**Data for this exercise:**
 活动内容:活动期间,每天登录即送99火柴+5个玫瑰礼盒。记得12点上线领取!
==
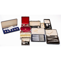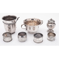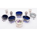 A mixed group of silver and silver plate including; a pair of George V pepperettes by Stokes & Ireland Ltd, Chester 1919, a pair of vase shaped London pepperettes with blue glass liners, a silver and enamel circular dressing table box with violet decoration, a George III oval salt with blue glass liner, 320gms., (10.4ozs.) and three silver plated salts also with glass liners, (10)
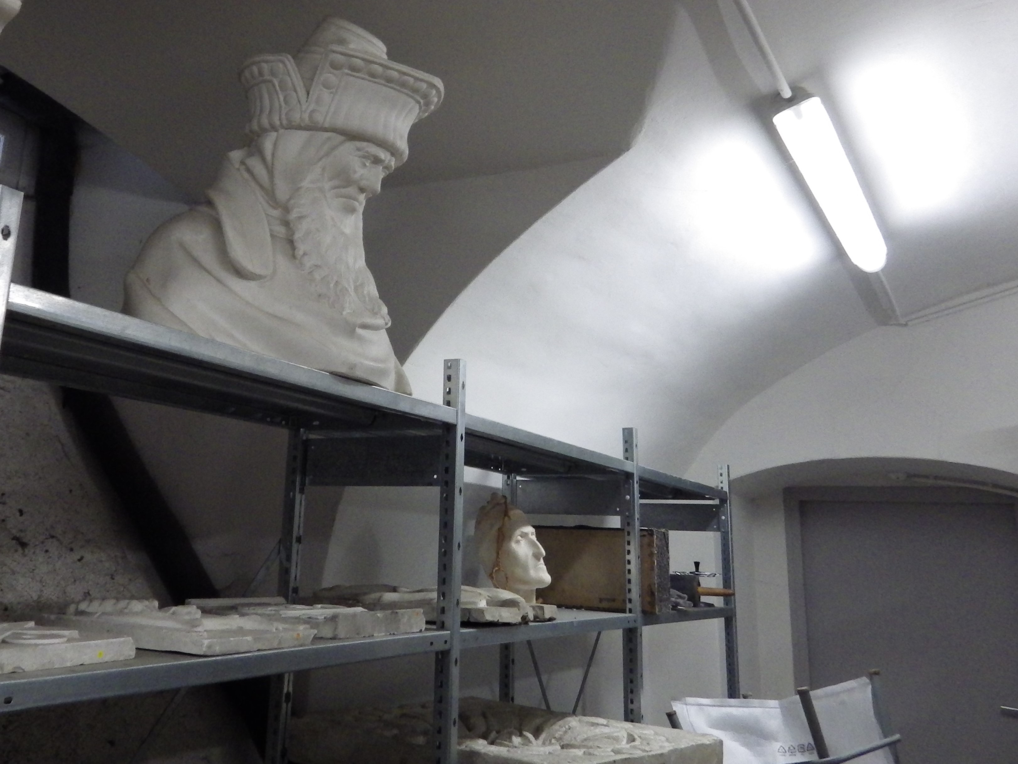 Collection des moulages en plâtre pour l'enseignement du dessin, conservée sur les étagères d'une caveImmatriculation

**Task details:** Set down again, word for word, every line from the one with "A mixed group" to the one with "Collection des moulages" in the entries above, and omit the pictures.

**Response area:**
 A mixed group of silver and silver plate including; a pair of George V pepperettes by Stokes & Ireland Ltd, Chester 1919, a pair of vase shaped London pepperettes with blue glass liners, a silver and enamel circular dressing table box with violet decoration, a George III oval salt with blue glass liner, 320gms., (10.4ozs.) and three silver plated salts also with glass liners, (10)
 Collection des moulages en plâtre pour l'enseignement du dessin, conservée sur les étagères d'une caveImmatriculation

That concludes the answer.